I now how to workout this problem, but I make a few small errors along the way and I need some sort of checking or help.

Problem.

A ball is drooped from a height of 10 feet (Assume no air resistance), each bounce is $\displaystyle (\frac{3}{4}) $of the height of the bounce before. Thus, after the balls hit the floor for the first time, the ball rises to a height of $\displaystyle 10(\frac{3}{4})$, after the second time, $\displaystyle 10(\frac{3}{4})^2$.

A. Find an expression for the height which the ball rises

Problem. after it hits the floor for the nth time.

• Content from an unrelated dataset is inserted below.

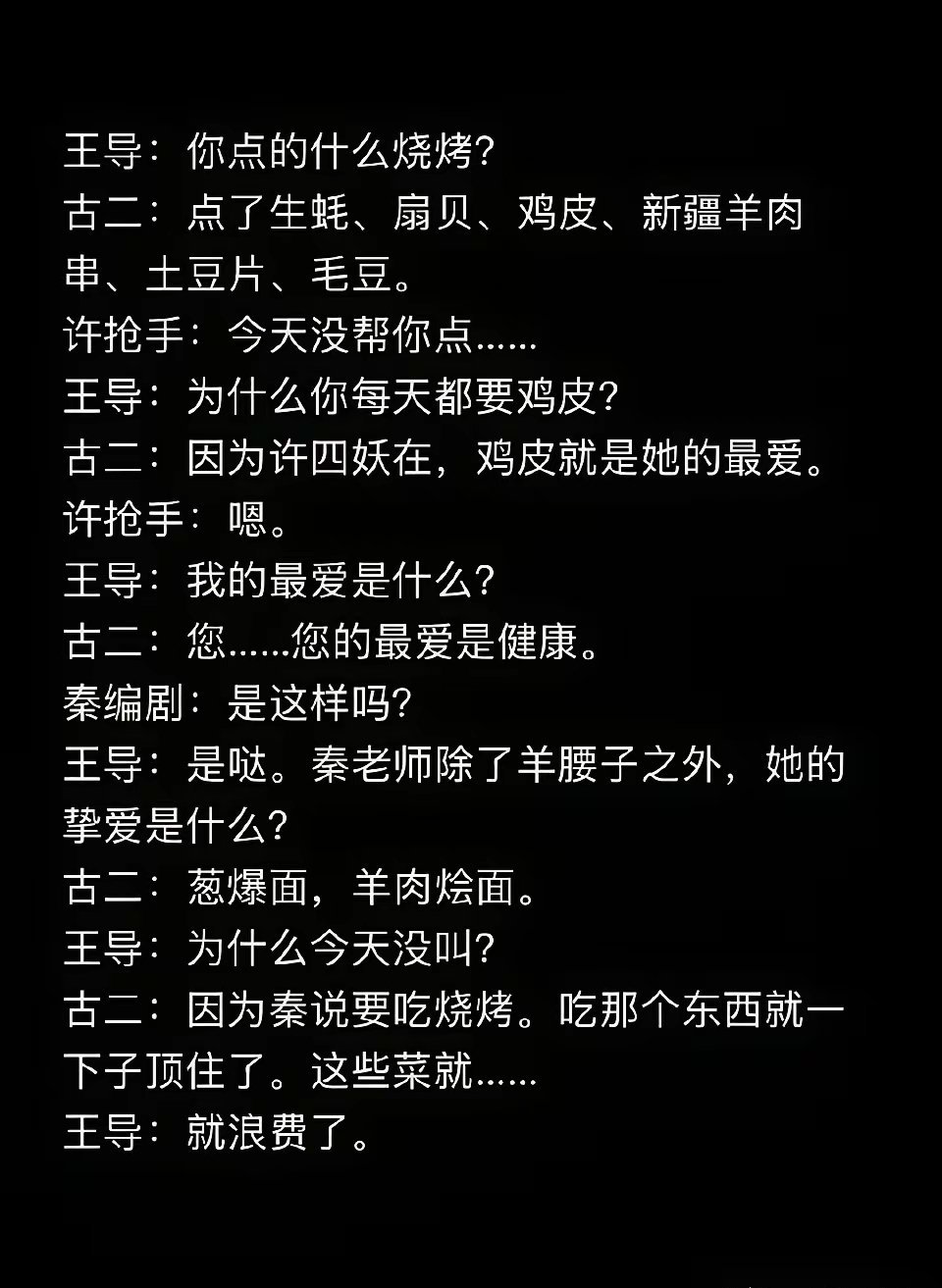 古二点外卖的录音,听了好窒息!王家卫、秦雯、许思窈哪是把古二当成了助理,分明是当成了佣人,此时此刻,突然就想起了赵丽蓉老师的那句话,“那整一个jiu社会。”许思窈爱吃鸡皮,秦雯的最爱是羊腰子,两位编剧的品位真是与众不同,其实也对,品味越独特的人就越难“伺候”,之前王家卫的品位,不就是港圈最独特的吗?

$\displaystyle \sum_{n=0}^{\infty} 10\cdot\frac{3}{4}^n$

Thus, $\displaystyle H_0 = 10$, $\displaystyle H_1 = 10\frac{3}{4}$, $\displaystyle H_2 = 10(\frac{3}{4})^2$ $\displaystyle H_n = 10(\frac{3}{4})^n$

B. Find an expression for the total vertical distance the ball has travled for the first, second, third, and fourth times.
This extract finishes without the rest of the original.